Dataset excerpts

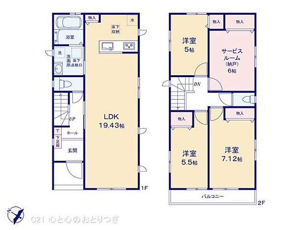 | 間取り | 3SLDK 間取り内訳:リビングダイニングキッチン 19.4帖(1階) |
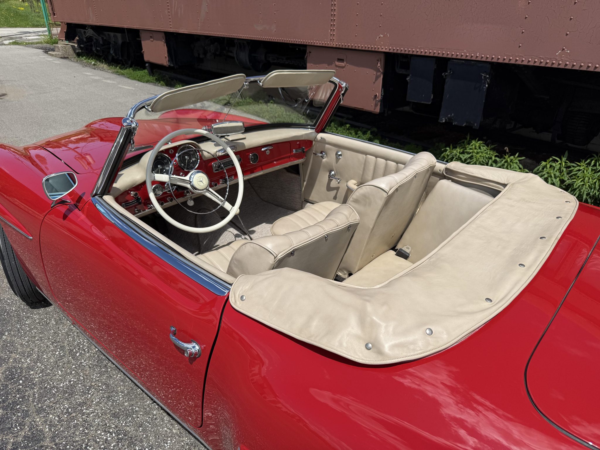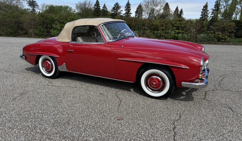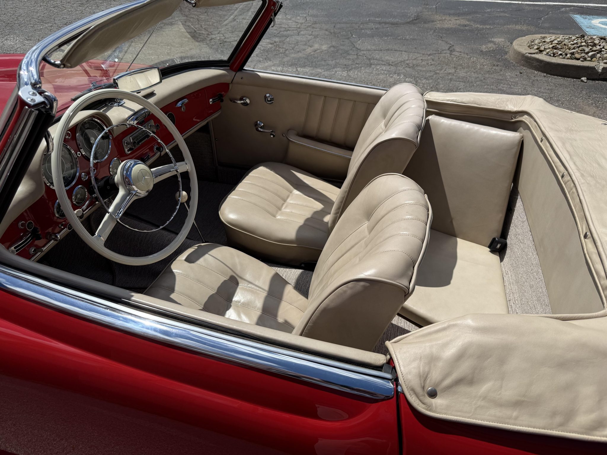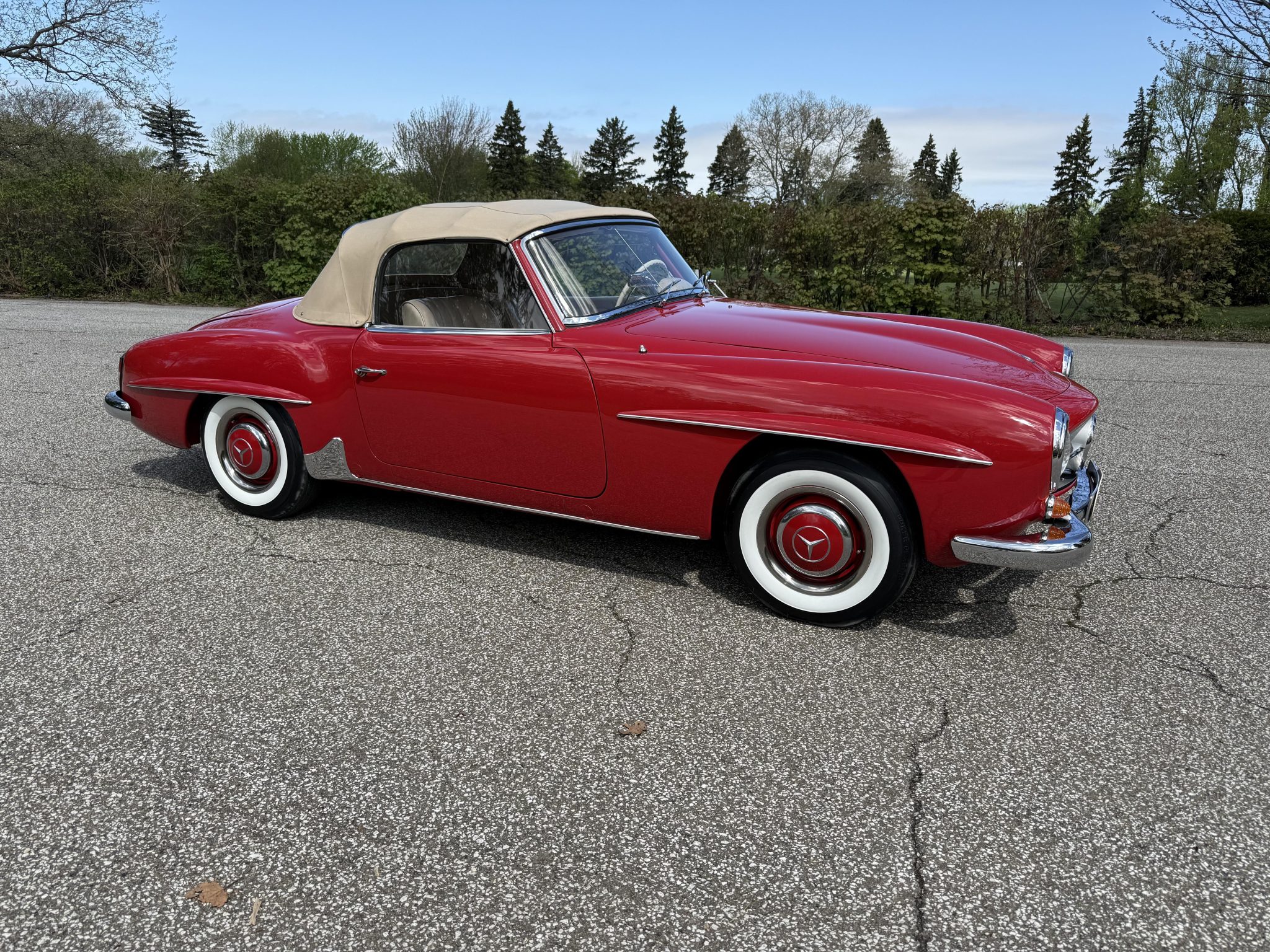 The car is finished in Signal Red over natural leather and powered by a 1.9-liter M121 inline-four paired with a four-speed manual transmission. Equipment includes a tan convertible top, 13″ steel wheels with body-color hubcaps, power-assisted drum brakes, a Becker Europa AM/FM radio, and a rear “Kinder” jump seat.
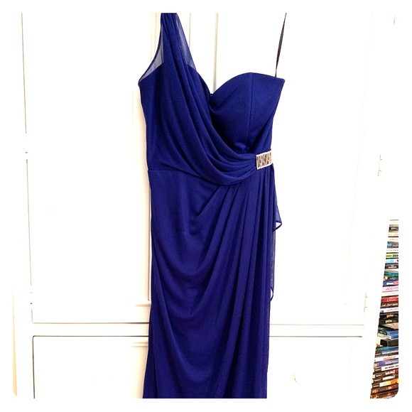 Awesome and sexy off the shoulder gown with ruched waist and full lining. Flows nicely across the body and can be used for formal or semi formal affair. Great navy color. 13” inch across the bust and 48” from under arm to hem. Bra lined, chiffon polyester material.
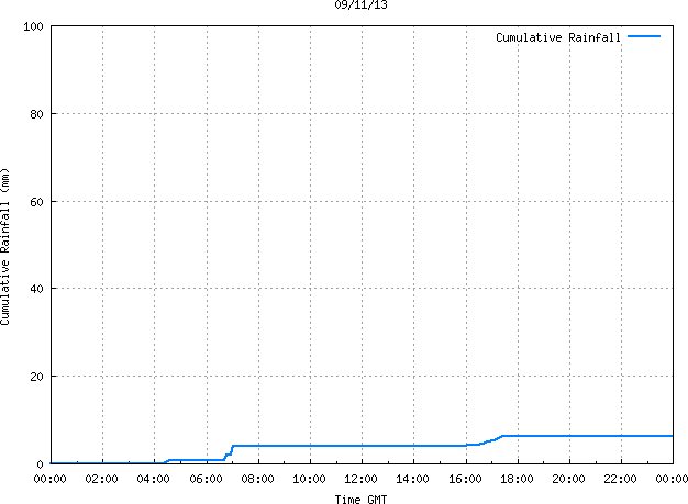 - Max Rainfall Rate: 24.00 mm h-1 Time: 7:01:09 GMT
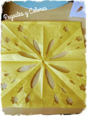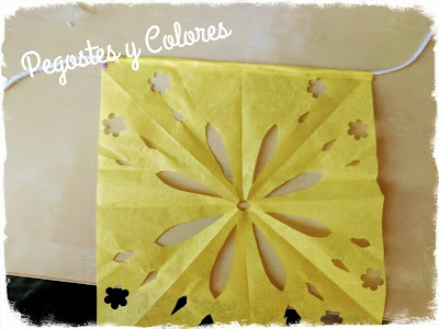 9.- Ya nada mas con un poco de pegamento ponemos el cordel en la orilla del cm extra en la parte superior, doblamos y dejamos secar. Repetimos con el resto de los papeles picados para hacer una guirnalda.
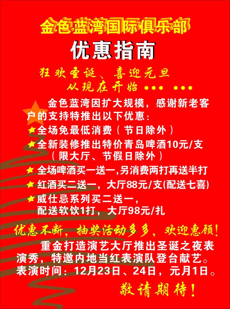 a、快乐圣诞,xx酒吧!圣诞特惠活动已经拉开序幕!
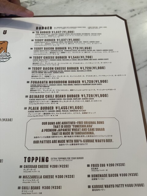◻︎TEDDY BURGER 1,800円
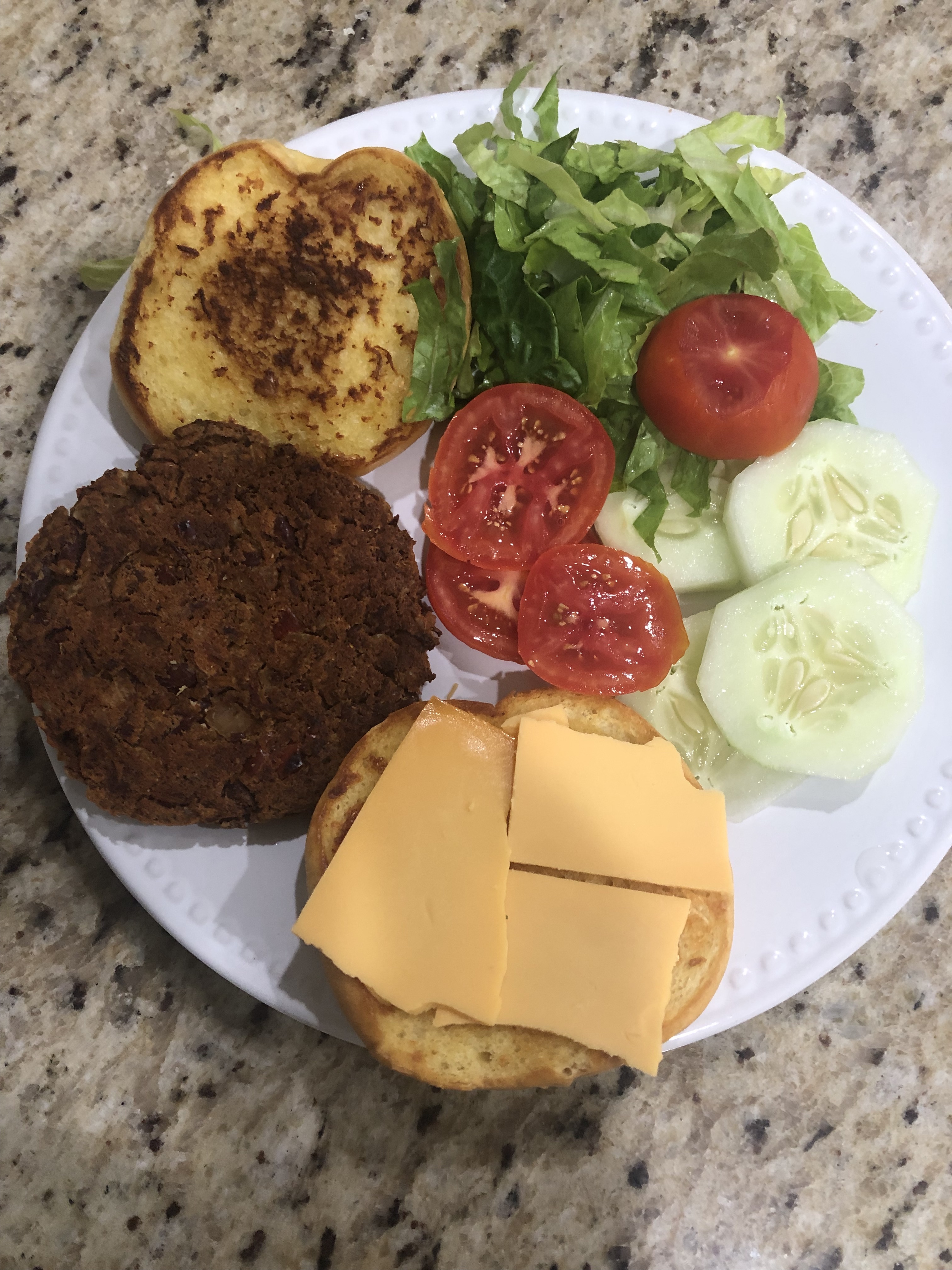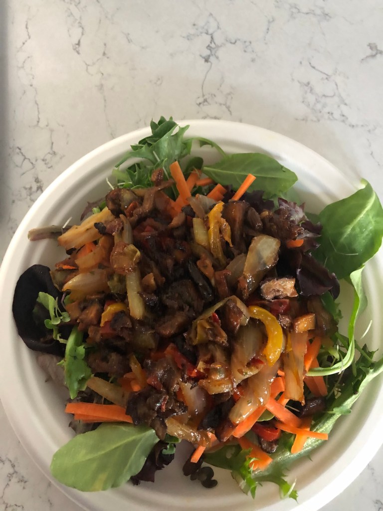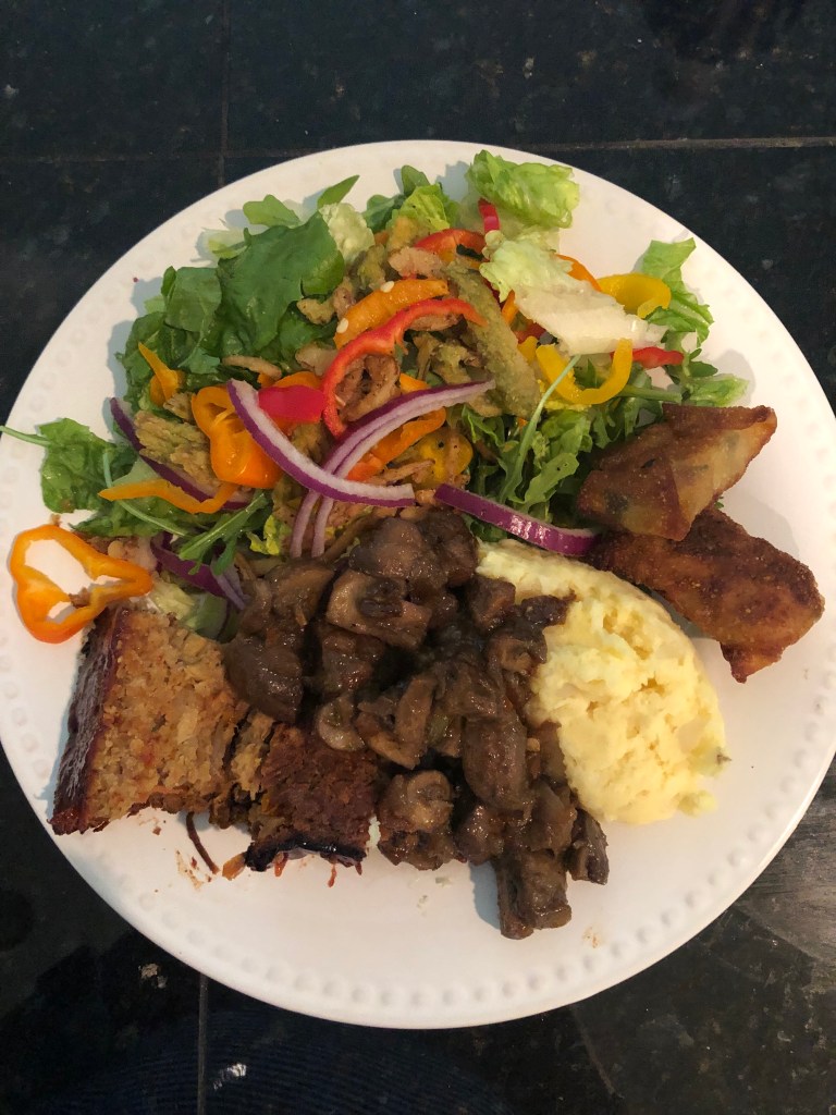 Meatloaf, sauteed mushroom, mashed potatoes, vegetable salad, and vegan egg rolls
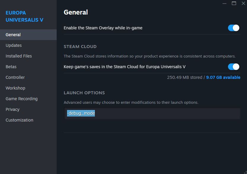 - Enter “-debug_mode” (without quotes) into the dialog box beneath Launch Options.
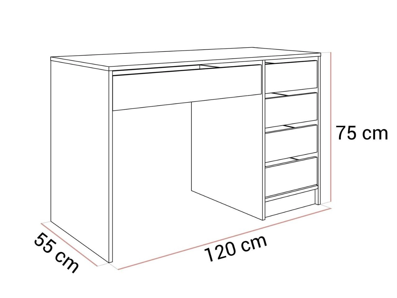 Biurko z pięcioma szufladami Melo kaszmir mat
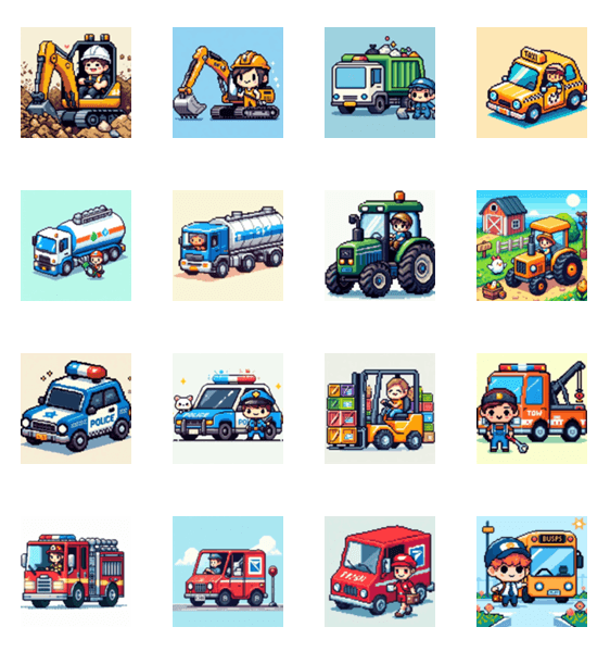 頼もしい働く車たちがみんなに元気を届けるスタンプです。

__Task to complete__
Write out the line that contains "9.- Ya nada" and every line after it to the end of the data, exactly as they stand. Omit the pictures.

__Solution__
 9.- Ya nada mas con un poco de pegamento ponemos el cordel en la orilla del cm extra en la parte superior, doblamos y dejamos secar. Repetimos con el resto de los papeles picados para hacer una guirnalda.
 a、快乐圣诞,xx酒吧!圣诞特惠活动已经拉开序幕!
◻︎TEDDY BURGER 1,800円
 Meatloaf, sauteed mushroom, mashed potatoes, vegetable salad, and vegan egg rolls
 - Enter “-debug_mode” (without quotes) into the dialog box beneath Launch Options.
 Biurko z pięcioma szufladami Melo kaszmir mat
 頼もしい働く車たちがみんなに元気を届けるスタンプです。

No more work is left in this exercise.